Work request
Below are some records. Return exactly their lines from the one containing "Comune di Campi" through the one containing "All that part", and drop the pictures.

*** Source records

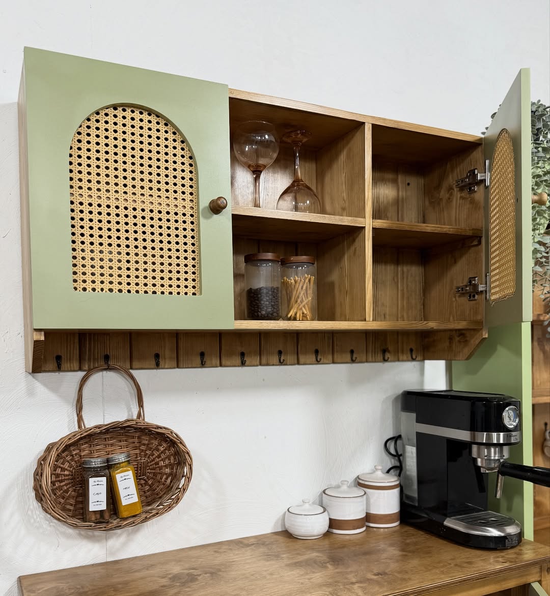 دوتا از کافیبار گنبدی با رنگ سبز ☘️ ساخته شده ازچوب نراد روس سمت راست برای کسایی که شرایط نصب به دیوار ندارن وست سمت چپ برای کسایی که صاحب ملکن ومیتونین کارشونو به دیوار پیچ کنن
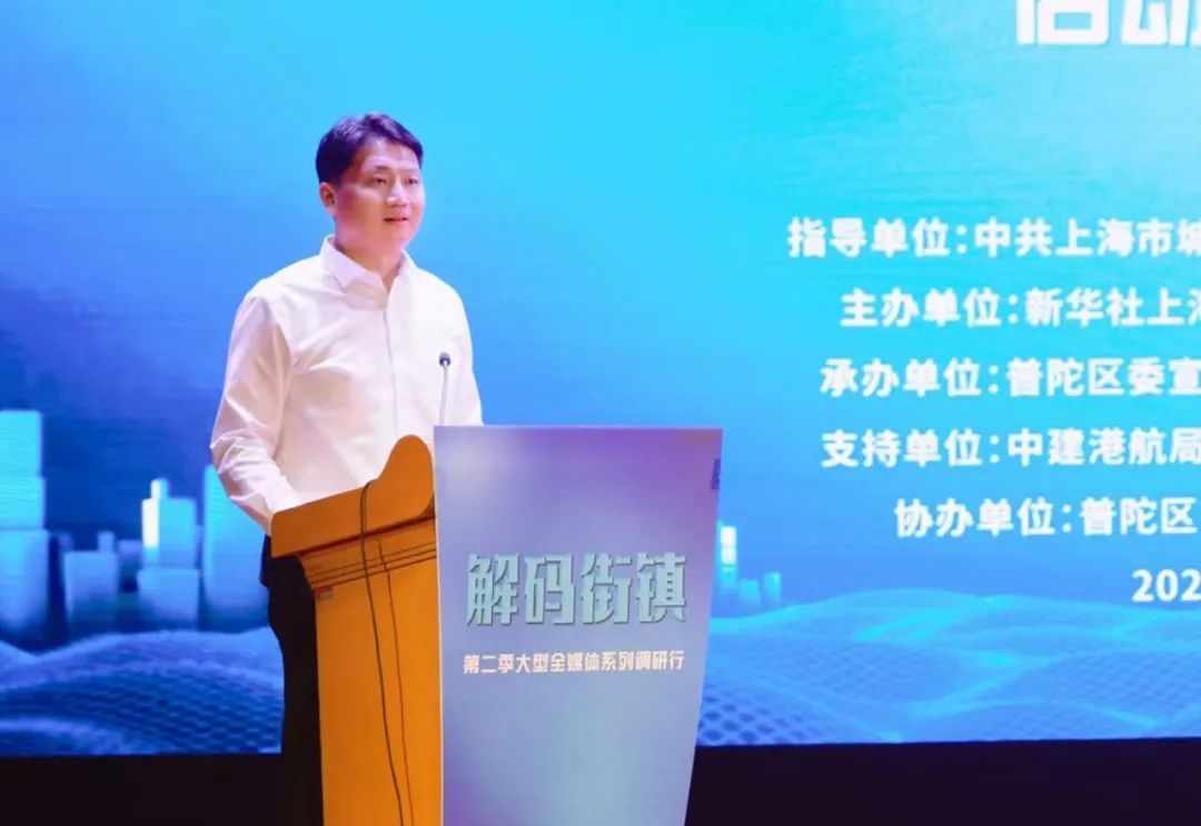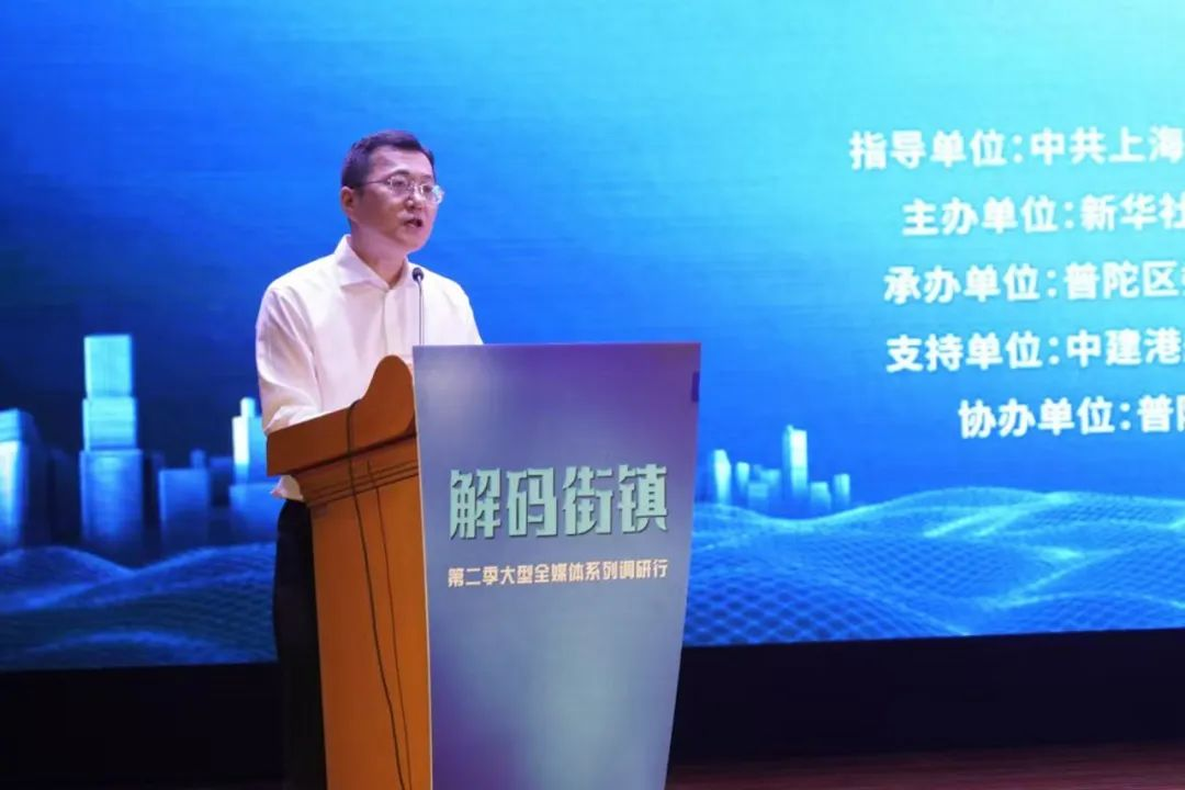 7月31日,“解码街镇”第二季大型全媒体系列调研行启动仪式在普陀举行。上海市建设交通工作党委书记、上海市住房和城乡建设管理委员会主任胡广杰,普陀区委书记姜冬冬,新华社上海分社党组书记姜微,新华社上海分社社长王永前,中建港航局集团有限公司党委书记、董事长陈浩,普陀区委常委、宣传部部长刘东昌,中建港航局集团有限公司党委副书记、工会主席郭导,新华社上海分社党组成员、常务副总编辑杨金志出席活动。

******
*** Source records

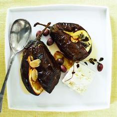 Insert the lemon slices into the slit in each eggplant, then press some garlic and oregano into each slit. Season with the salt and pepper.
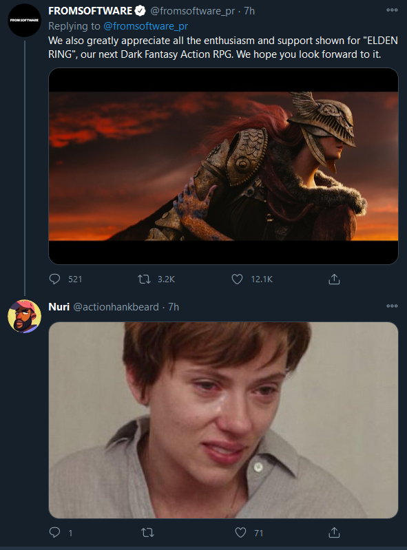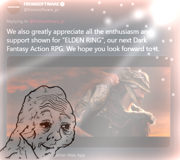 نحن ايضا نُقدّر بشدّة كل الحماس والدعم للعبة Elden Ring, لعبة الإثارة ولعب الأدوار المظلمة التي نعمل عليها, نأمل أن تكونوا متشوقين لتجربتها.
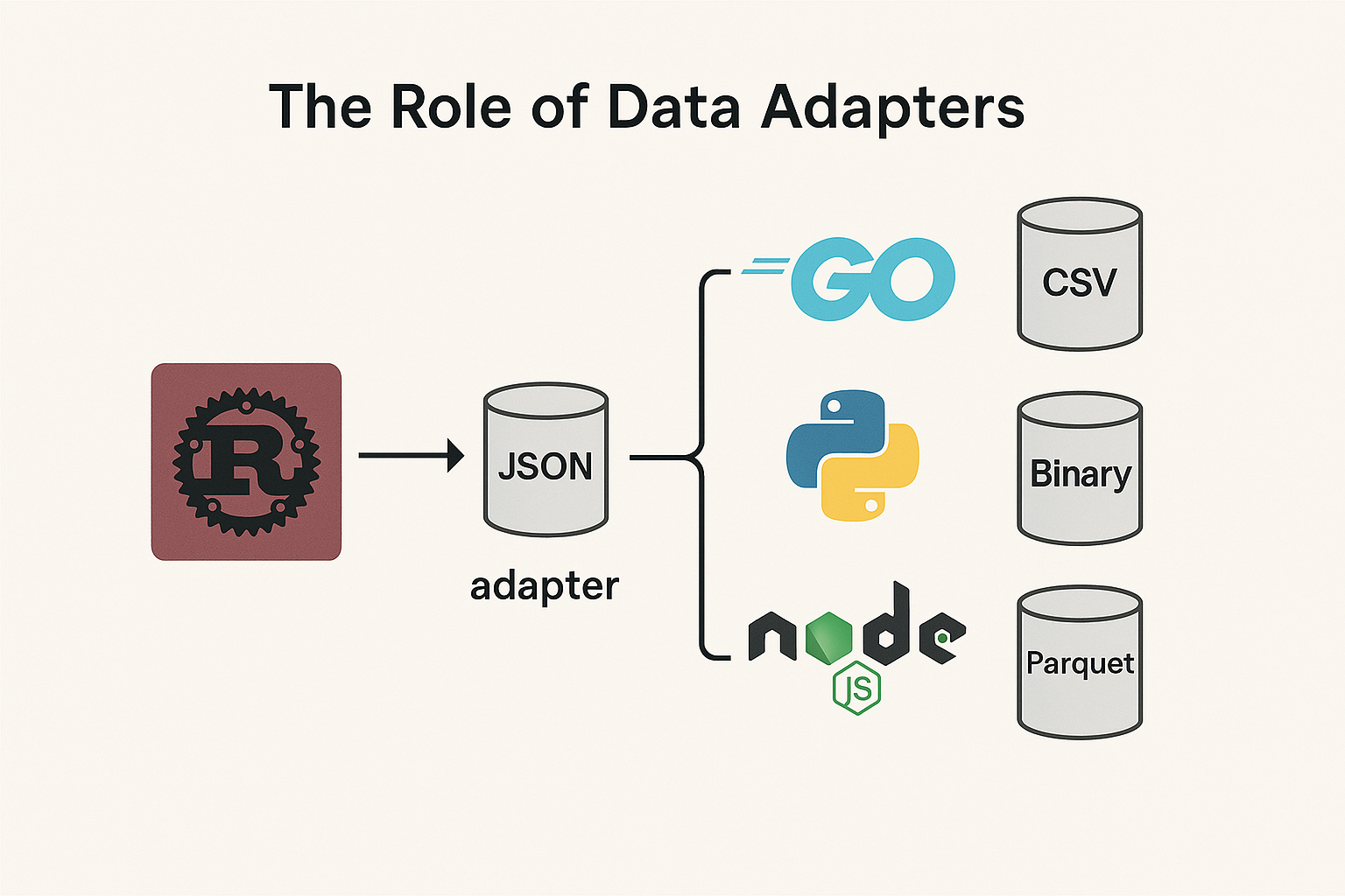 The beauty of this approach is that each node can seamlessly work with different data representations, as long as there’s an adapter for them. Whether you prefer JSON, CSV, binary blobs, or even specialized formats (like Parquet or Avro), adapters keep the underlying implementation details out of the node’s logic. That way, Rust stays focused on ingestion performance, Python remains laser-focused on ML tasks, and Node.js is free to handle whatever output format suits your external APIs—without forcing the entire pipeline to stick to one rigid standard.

******
*** Source records

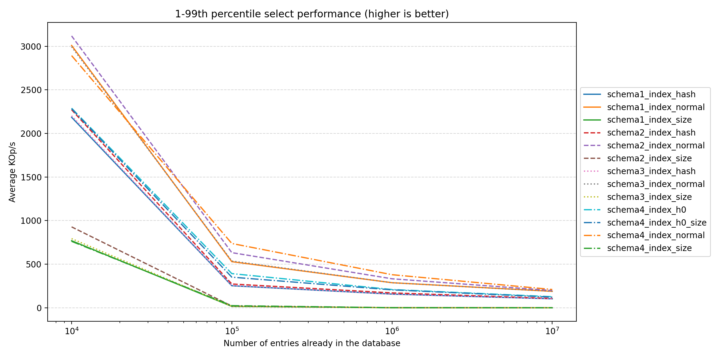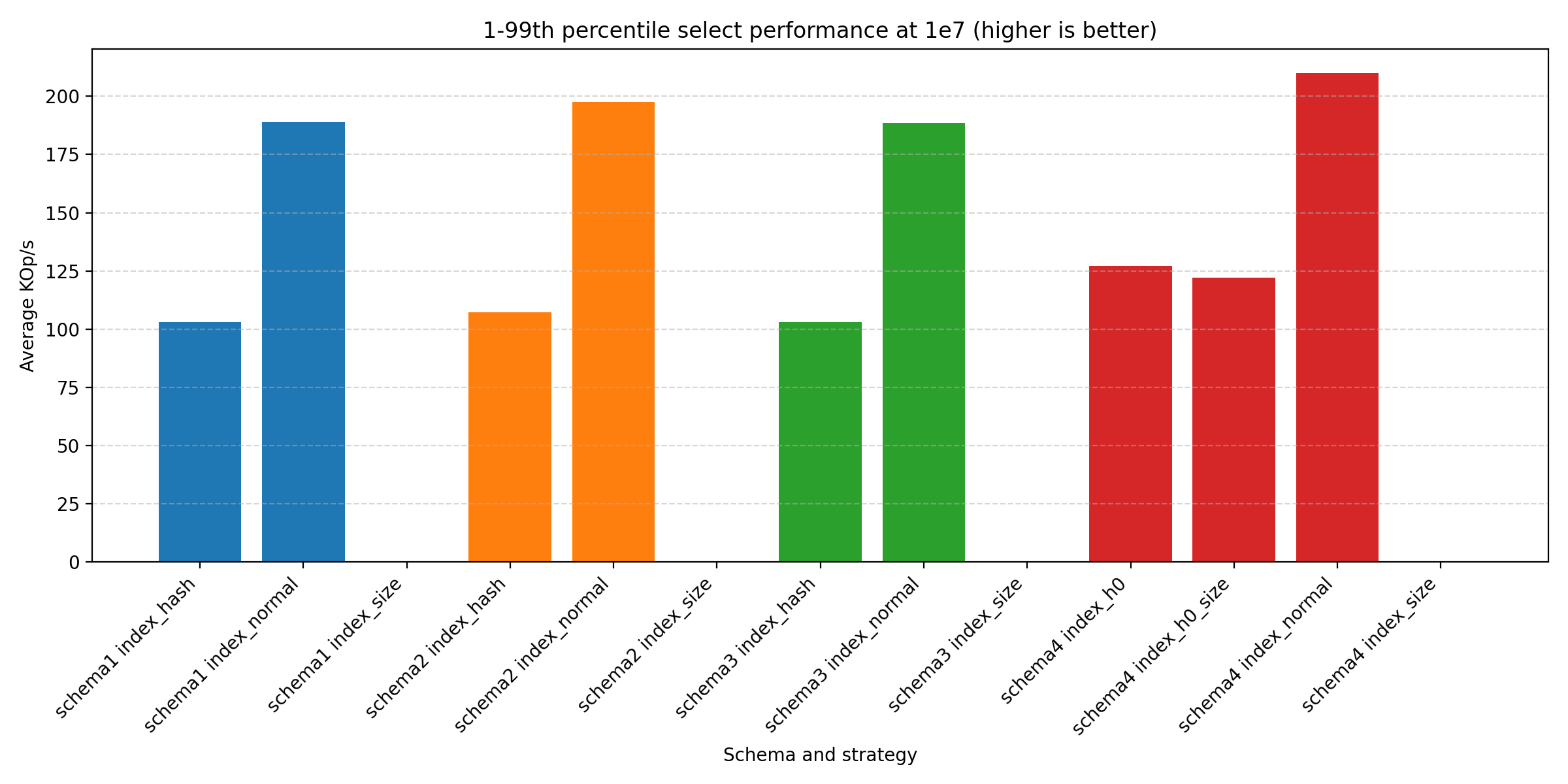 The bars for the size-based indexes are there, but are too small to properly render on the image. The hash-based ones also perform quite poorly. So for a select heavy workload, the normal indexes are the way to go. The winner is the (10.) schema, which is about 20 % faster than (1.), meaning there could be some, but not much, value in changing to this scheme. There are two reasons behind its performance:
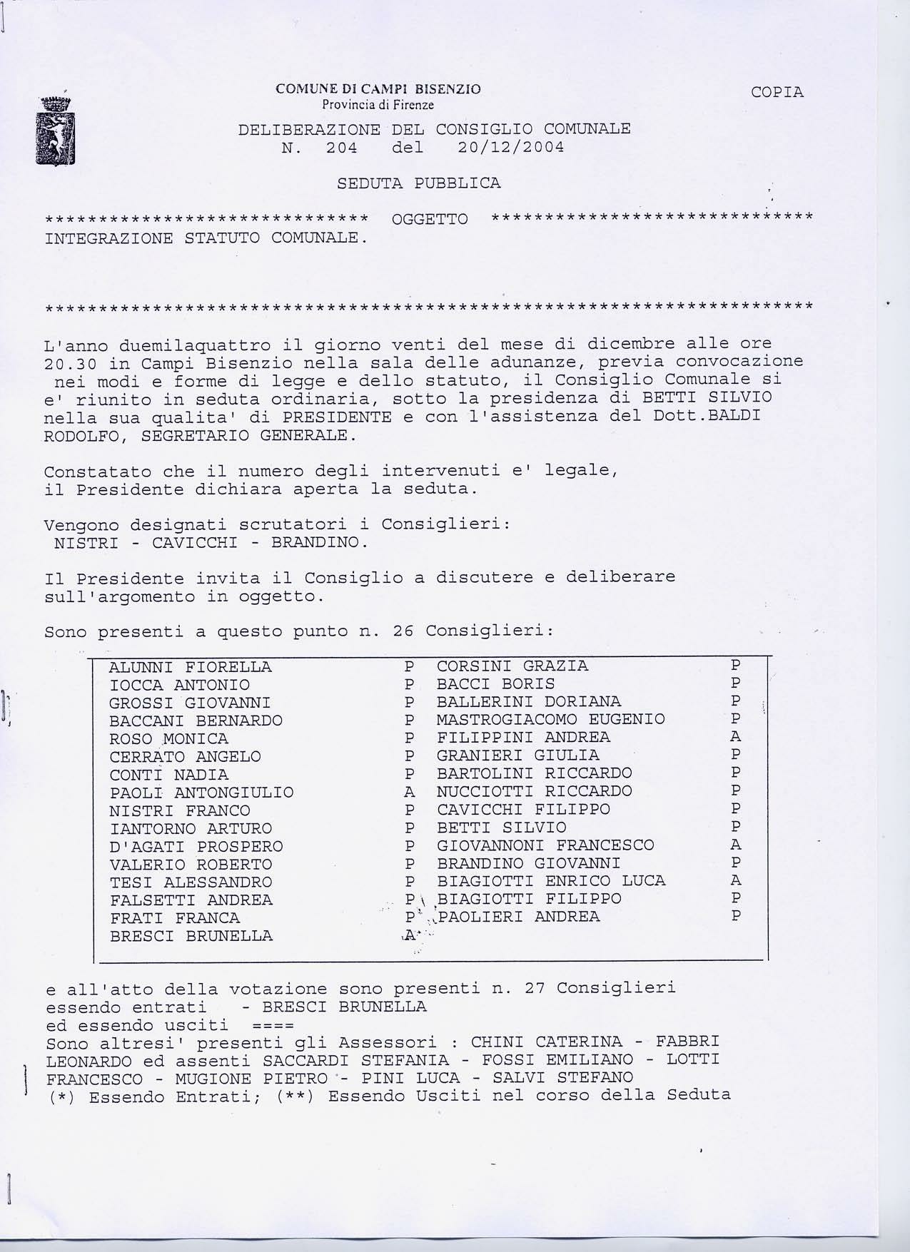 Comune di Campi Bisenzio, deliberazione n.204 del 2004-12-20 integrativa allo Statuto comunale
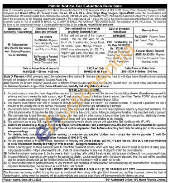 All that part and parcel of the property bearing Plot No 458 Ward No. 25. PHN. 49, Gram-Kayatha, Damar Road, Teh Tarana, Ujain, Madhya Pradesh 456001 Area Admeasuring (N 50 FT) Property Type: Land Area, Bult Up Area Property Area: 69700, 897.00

******

Reply to the exercise
 Comune di Campi Bisenzio, deliberazione n.204 del 2004-12-20 integrativa allo Statuto comunale
 All that part and parcel of the property bearing Plot No 458 Ward No. 25. PHN. 49, Gram-Kayatha, Damar Road, Teh Tarana, Ujain, Madhya Pradesh 456001 Area Admeasuring (N 50 FT) Property Type: Land Area, Bult Up Area Property Area: 69700, 897.00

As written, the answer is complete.